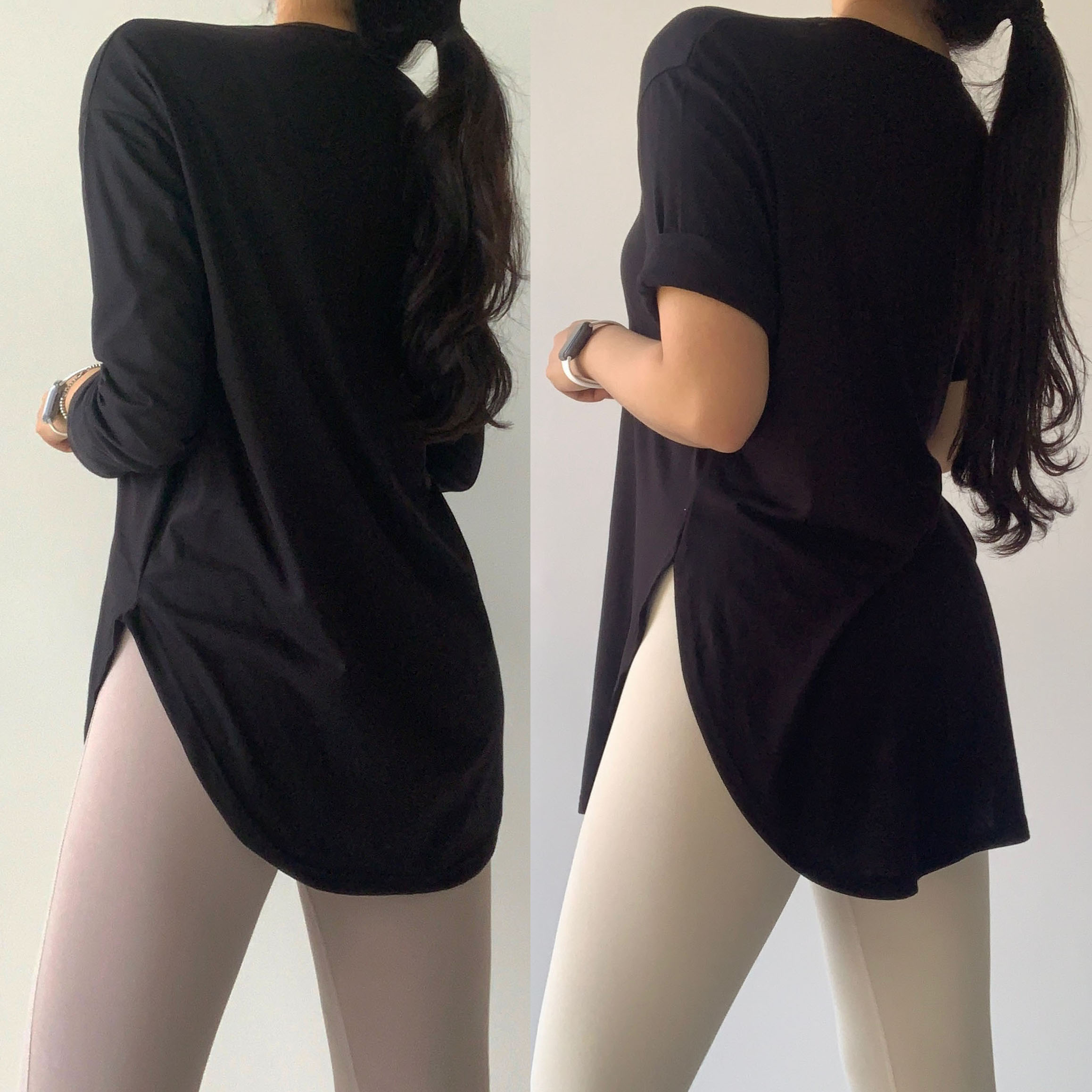 62[당일출고 MADE] 롱티 반팔/긴팔 살안타 장마룩 레이어드티셔츠 여름긴팔 커버업 브이넥반팔 힙커버 요가복 운동복 필라테스복 여리핏긴팔 롱슬리브티셔츠 무지반팔 찰랑티
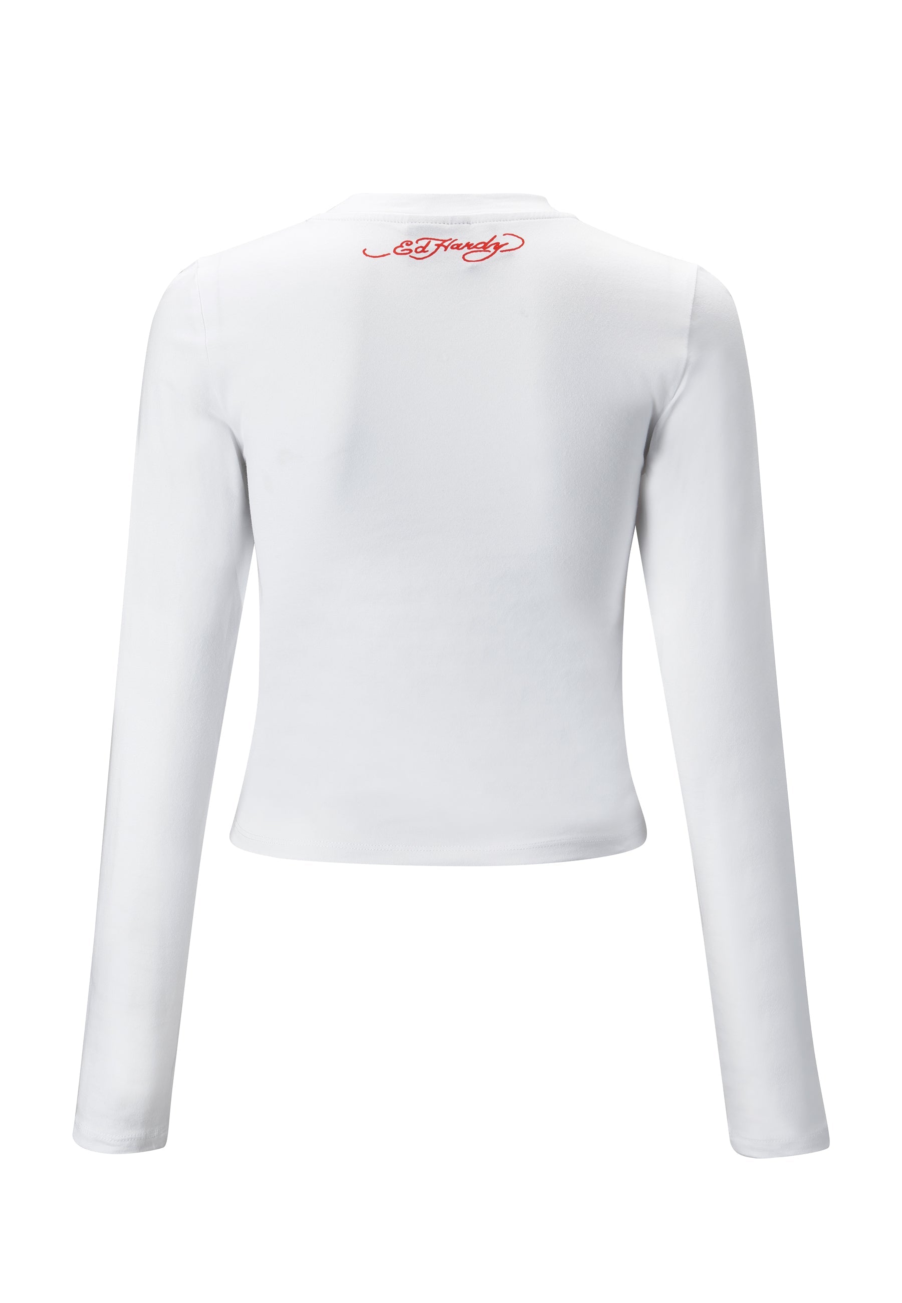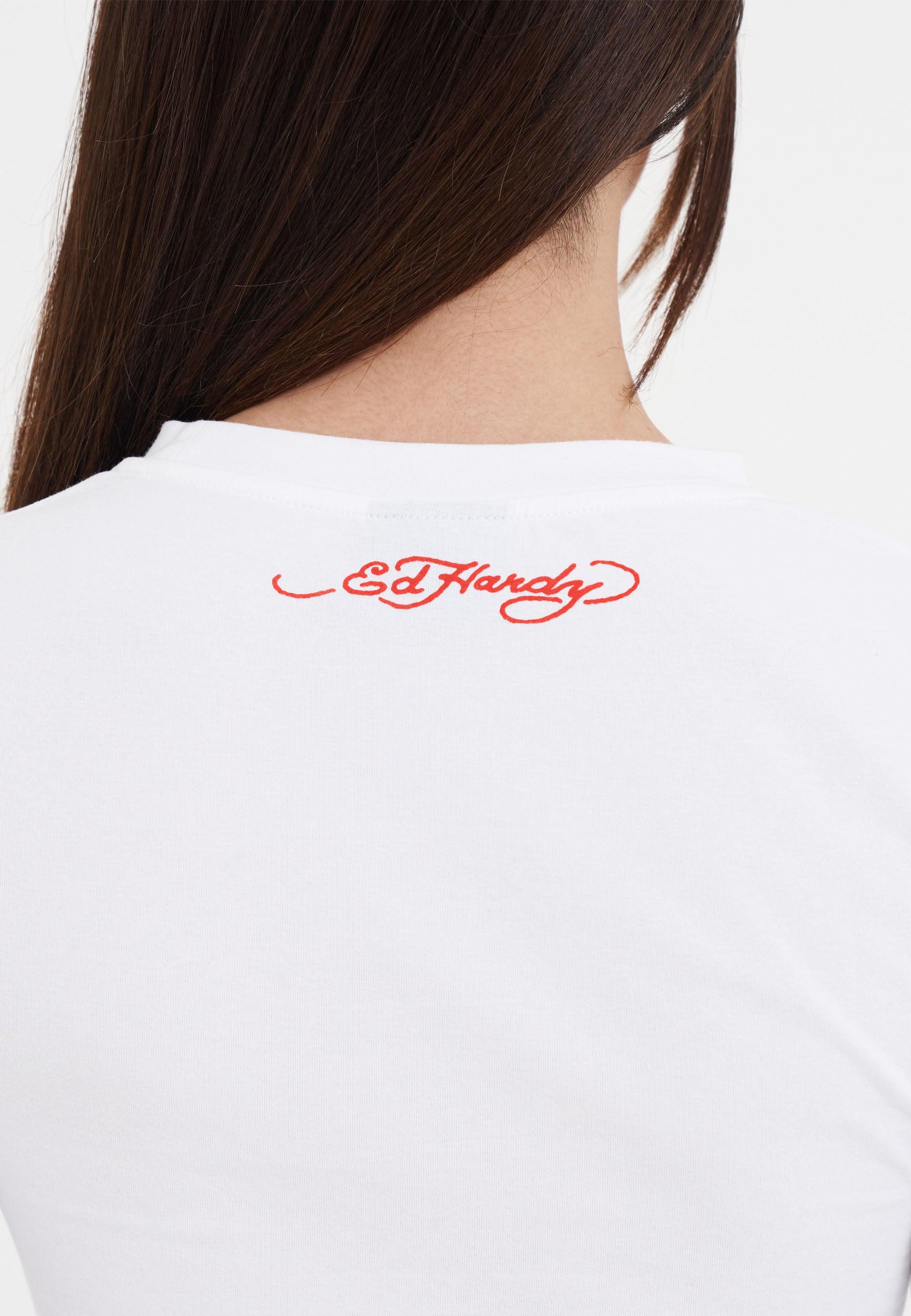 Bomuld spandex-jersey er figursyet og behagelig, og den vovede grafik og Ed Hardy-signaturen gør den til et statement.
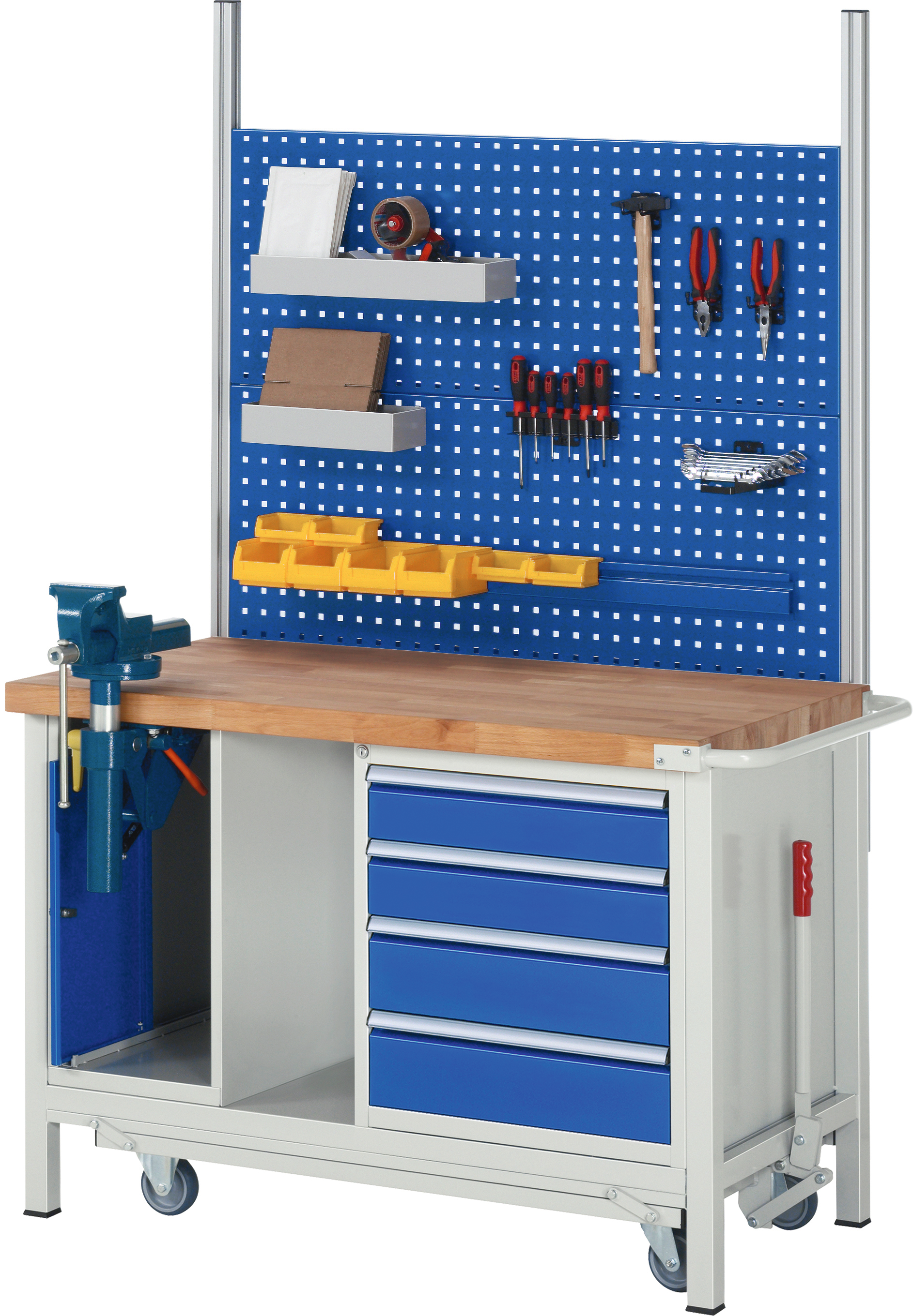 Querträger wird hinten unter der Tischplatte an das Gestell werksseitig angeschweißt (Werktische/Werkbänke), System-Stützen (Aluminiumprofil 40 mm x 40 mm) werden am Querträger angeschraubt (Höhe einstellbar) und laufen hinter der Tischplatte nach oben, so dass die gesamte Tiefe der Tischplatte frei bleibt (kein Verschrauben auf der Tischplatte)
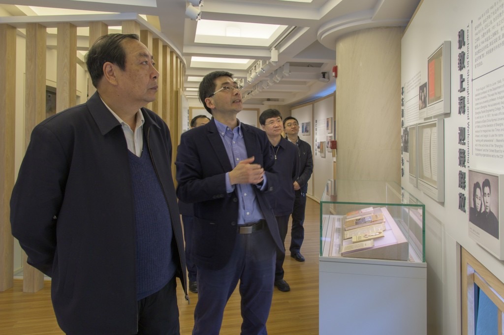随后,吴道槐一行来到闵行校区,在校党委副书记、纪委书记曹友谊的陪同下参观了冯契学术成就陈列室、社会主义历史与文献研究院,在校党委常委、副校长孙真荣的陪同下参观了精密光谱科学与技术国家重点实验室。
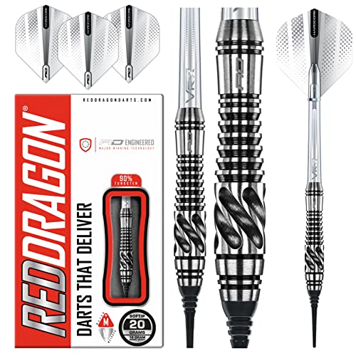 RED DRAGON Askari 18g Peso del Barilotto, 20g Peso Totale Softip Tungsten Darts con Voli e Albero
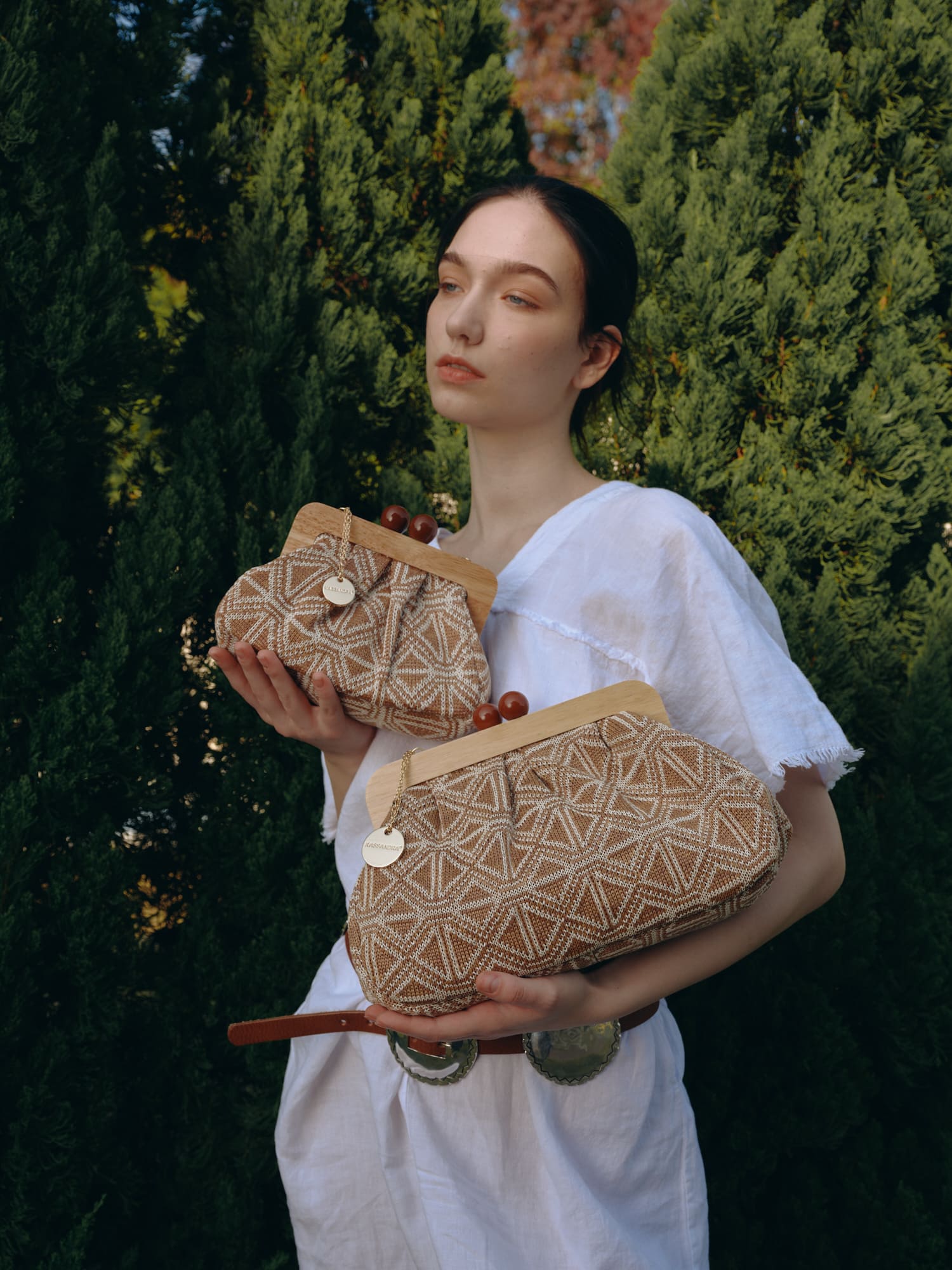 Mini geometrisk kopplingspåse med träklås ram grossist

**What the task requires**
Pictures don't belong in the copy. Restate all the entries exactly.

**Answer for this exercise**
 62[당일출고 MADE] 롱티 반팔/긴팔 살안타 장마룩 레이어드티셔츠 여름긴팔 커버업 브이넥반팔 힙커버 요가복 운동복 필라테스복 여리핏긴팔 롱슬리브티셔츠 무지반팔 찰랑티
 Bomuld spandex-jersey er figursyet og behagelig, og den vovede grafik og Ed Hardy-signaturen gør den til et statement.
 Querträger wird hinten unter der Tischplatte an das Gestell werksseitig angeschweißt (Werktische/Werkbänke), System-Stützen (Aluminiumprofil 40 mm x 40 mm) werden am Querträger angeschraubt (Höhe einstellbar) und laufen hinter der Tischplatte nach oben, so dass die gesamte Tiefe der Tischplatte frei bleibt (kein Verschrauben auf der Tischplatte)
随后,吴道槐一行来到闵行校区,在校党委副书记、纪委书记曹友谊的陪同下参观了冯契学术成就陈列室、社会主义历史与文献研究院,在校党委常委、副校长孙真荣的陪同下参观了精密光谱科学与技术国家重点实验室。
 RED DRAGON Askari 18g Peso del Barilotto, 20g Peso Totale Softip Tungsten Darts con Voli e Albero
 Mini geometrisk kopplingspåse med träklås ram grossist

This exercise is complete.